DATA TO USE:
◇ ◇ ◇ ◇ ◇
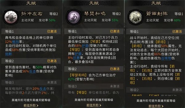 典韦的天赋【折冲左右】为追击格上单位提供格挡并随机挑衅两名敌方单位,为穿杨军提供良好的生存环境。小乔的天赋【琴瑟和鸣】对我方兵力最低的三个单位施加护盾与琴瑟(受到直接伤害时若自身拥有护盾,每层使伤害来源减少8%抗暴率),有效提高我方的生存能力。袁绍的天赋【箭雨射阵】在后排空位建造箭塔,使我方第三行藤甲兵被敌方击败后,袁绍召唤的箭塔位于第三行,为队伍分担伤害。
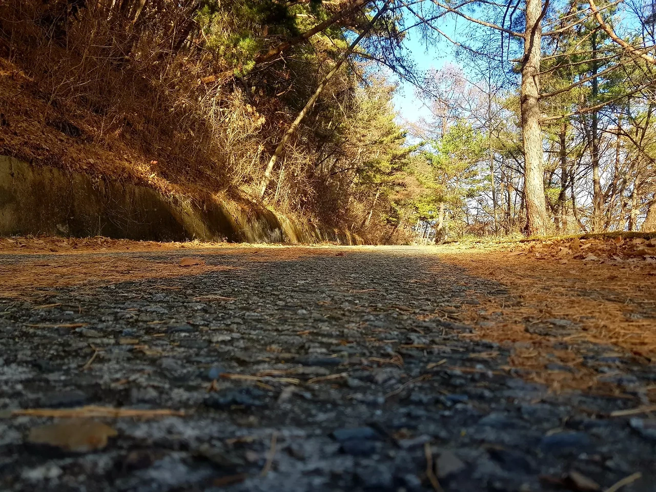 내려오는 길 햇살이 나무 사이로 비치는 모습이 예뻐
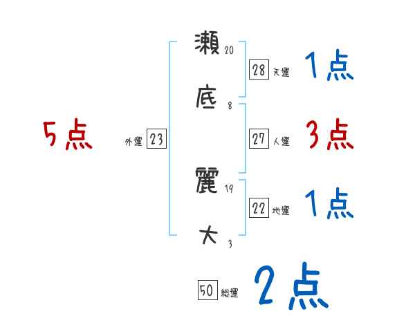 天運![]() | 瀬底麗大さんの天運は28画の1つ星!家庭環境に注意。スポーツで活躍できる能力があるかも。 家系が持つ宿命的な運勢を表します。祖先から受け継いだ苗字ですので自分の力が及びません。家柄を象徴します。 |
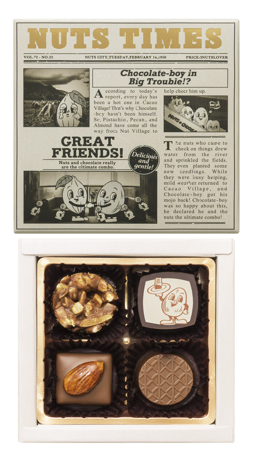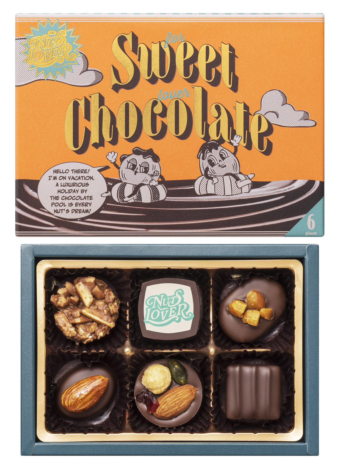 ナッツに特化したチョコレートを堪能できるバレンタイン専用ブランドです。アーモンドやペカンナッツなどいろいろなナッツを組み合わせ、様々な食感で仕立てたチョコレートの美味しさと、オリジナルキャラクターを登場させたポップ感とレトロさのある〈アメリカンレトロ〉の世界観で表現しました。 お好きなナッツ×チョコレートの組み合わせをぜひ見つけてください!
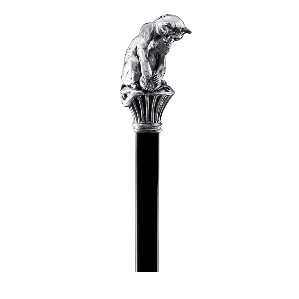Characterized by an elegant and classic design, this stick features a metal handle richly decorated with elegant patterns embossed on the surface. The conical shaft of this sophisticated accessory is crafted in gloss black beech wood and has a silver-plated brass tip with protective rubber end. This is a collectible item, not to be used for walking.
◇ ◇ ◇ ◇ ◇
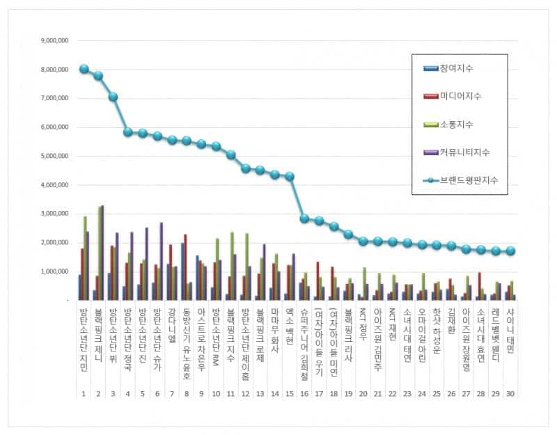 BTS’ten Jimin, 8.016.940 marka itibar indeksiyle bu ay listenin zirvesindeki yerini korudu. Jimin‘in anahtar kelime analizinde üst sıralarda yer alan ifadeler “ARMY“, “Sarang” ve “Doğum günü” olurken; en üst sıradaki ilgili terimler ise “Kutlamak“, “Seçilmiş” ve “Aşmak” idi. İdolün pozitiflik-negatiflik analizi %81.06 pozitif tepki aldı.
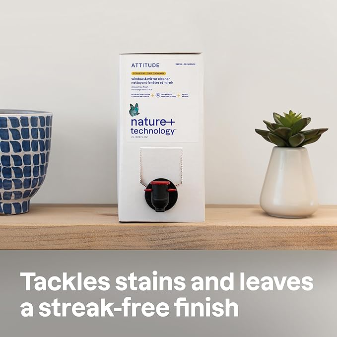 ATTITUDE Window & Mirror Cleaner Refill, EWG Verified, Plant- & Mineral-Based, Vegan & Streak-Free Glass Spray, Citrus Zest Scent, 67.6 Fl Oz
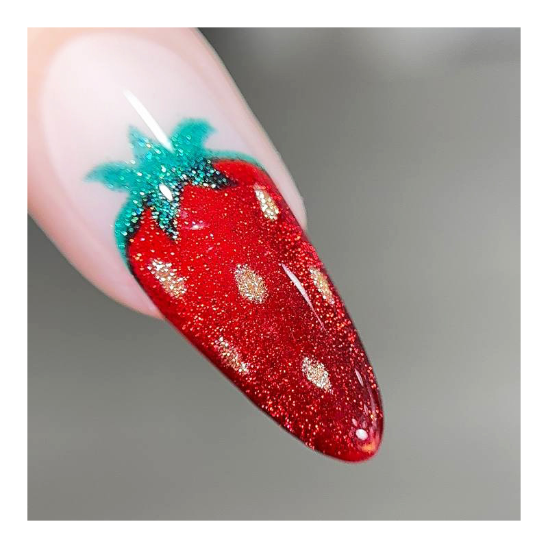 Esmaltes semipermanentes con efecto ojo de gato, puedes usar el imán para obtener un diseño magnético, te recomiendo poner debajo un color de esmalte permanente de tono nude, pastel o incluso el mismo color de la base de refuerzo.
◇ ◇ ◇ ◇ ◇
TASK INSTRUCTIONS:
In the listing above, find the line with "天運![]() | 瀬底麗大さんの天運は28画の1つ星!家庭環境に注意。スポーツで活躍できる能力があるかも。" and the line with "ナッツに特化したチョコレート". Copy exactly those two and every line between, without the pictures.

EXERCISE OUTPUT:
 天運![]() | 瀬底麗大さんの天運は28画の1つ星!家庭環境に注意。スポーツで活躍できる能力があるかも。 家系が持つ宿命的な運勢を表します。祖先から受け継いだ苗字ですので自分の力が及びません。家柄を象徴します。 |
 ナッツに特化したチョコレートを堪能できるバレンタイン専用ブランドです。アーモンドやペカンナッツなどいろいろなナッツを組み合わせ、様々な食感で仕立てたチョコレートの美味しさと、オリジナルキャラクターを登場させたポップ感とレトロさのある〈アメリカンレトロ〉の世界観で表現しました。 お好きなナッツ×チョコレートの組み合わせをぜひ見つけてください!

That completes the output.